The Erie Canal is flowing with history, it is claimed to be one of America's most famous man-made water-ways. First proposed in the 1780s, its construction began in 1817 and it was primarily dug by hand...it opened in for traffic in 1825. The original Erie Canal had 83 locks, was 363 long and ran from Albany on the Hudson to Buffalo on Lake Erie, and it was cut 40 feet wide and 4 feet deep, with removed soil piled on the north downhill side to form a walkway known as a "towpath" for the mules and horses. In a time when bulk goods were limited to pack animals and there were no railways, water was the most cost effective way to ship bulk goods. The original canal was the first transportation system between the eastern seaboard, New York City and the western interior, The Great Lakes of the United States.
Today the present Erie Canal rises 566 feet from the Hudson River to Lake Erie through 35 locks.
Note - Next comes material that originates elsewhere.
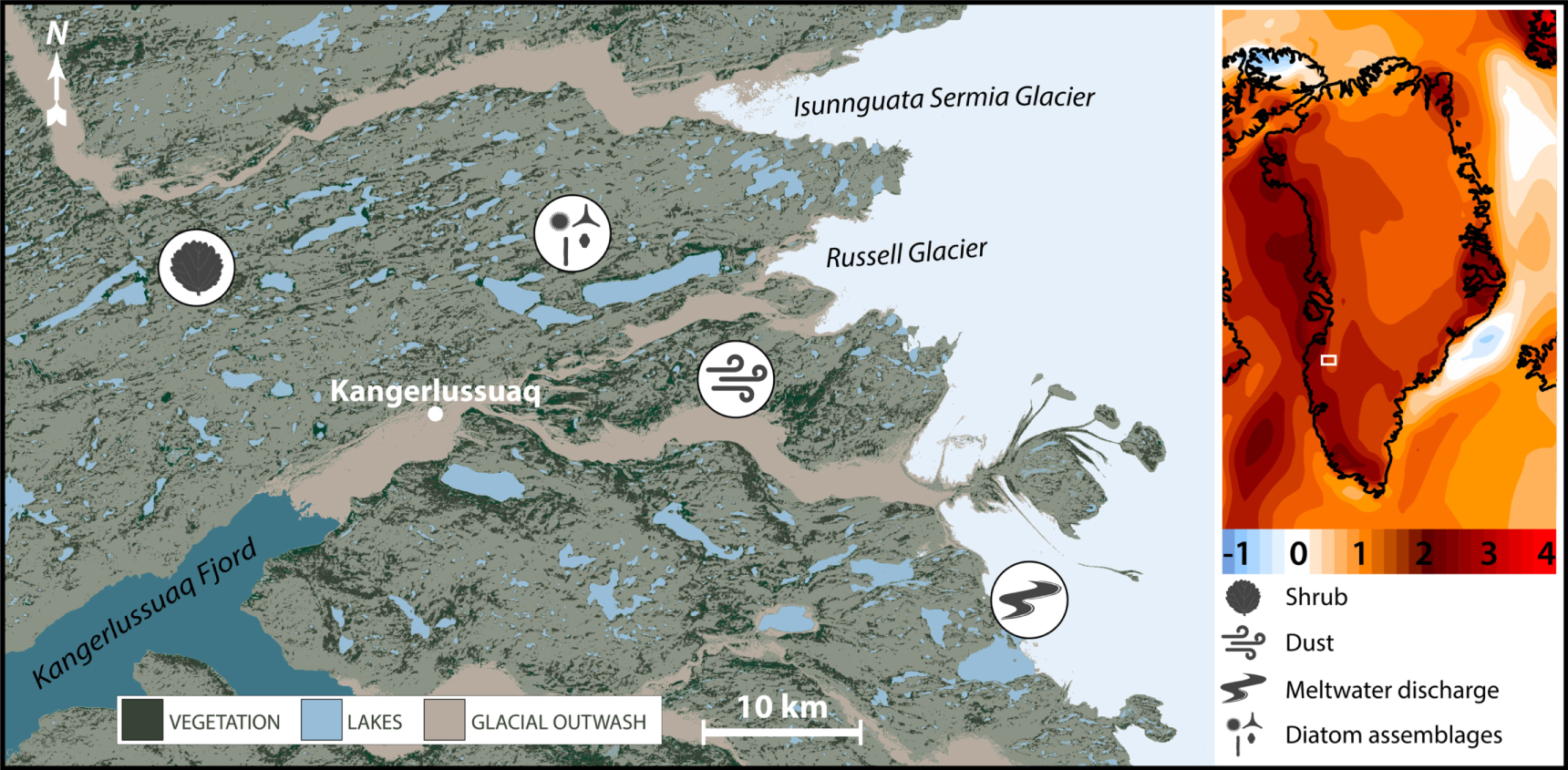 Figure 1. The paraglacial landscape around Kangerlussuaq, West Greenland. Legends indicate key landscape features (bottom left) and focal environmental responses (lower far right). Inset depicts recent warming in Greenland as indicated by temperature anomaly (°C, indicated in color scale), annual 1995–2015 minus 1979–1994, based on European Reanalysis Interim (ERA-Interim) with map created using Climate Reanalyzer; location of Kangerlussuaq region indicated by white box.

From tide water level at Troy, the Erie Canal rises through a series of locks in the Mohawk Valley to an elevation of 420 feet above sea level at Rome. Continuing westward, it descends to an elevation of 363 feet above sea-level at the junction with the Oswego Canal, and finally rises to an elevation of 565.6 feet above sea-level at the Niagara River. We floated down the Erie Canal and went through lock 17.. at one time this was the highest lift lock in the world, raising and lowering vessels over 40ft...it was like going back in time..they still use equipment that is over 100yrs old and it still works perfectly.
There is a fort in Rome, New York so after our Erie tours we took a tour of Fort Stanwix, this Fort was built to guard a portage between the main waterways southeastward to the Atlantic seacoast, down the Mohawk and Hudson rivers, then northwestward to Lake Ontario down Wood Creek and Oneida Lake to Oswego....Indians used this portage for centuries, they called it
-Wain-Sta, or The Great Carrying Place.
Fort Stanwix has been almost completely reconstructed to its 1777 appearance, and they have people that wander around in period costumes.
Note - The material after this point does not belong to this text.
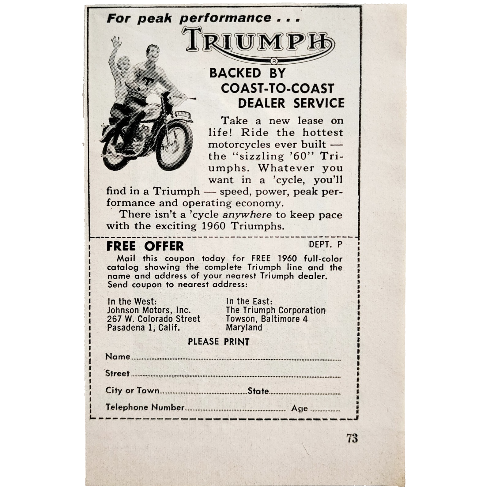 1960 Triumph Motorcycle Advertisement Transportation Bikes Vintage DWF26

When they were excavating, prior to reconstructing the fort, a substantial quantity of 18th-century artifacts were unearthed and they offered some evidence of the activities that took place here during various periods of time during the fort's occupation.
Fort Stanwix was garrisoned until 1781, but played no further active part in the war. In October 1784, American and Iroquois representatives met here to negotiate the Treaty of Fort Stanwix, which set terms for a separate peace with the Indians and forced the Iroquois Confederacy to cede large parts of their lands to the United States.
It was just another fort..but these Forts have such historic value and when I was walking around, I just can not help think about the people that used to inhabit these Forts and what they went through! It's mind blowing!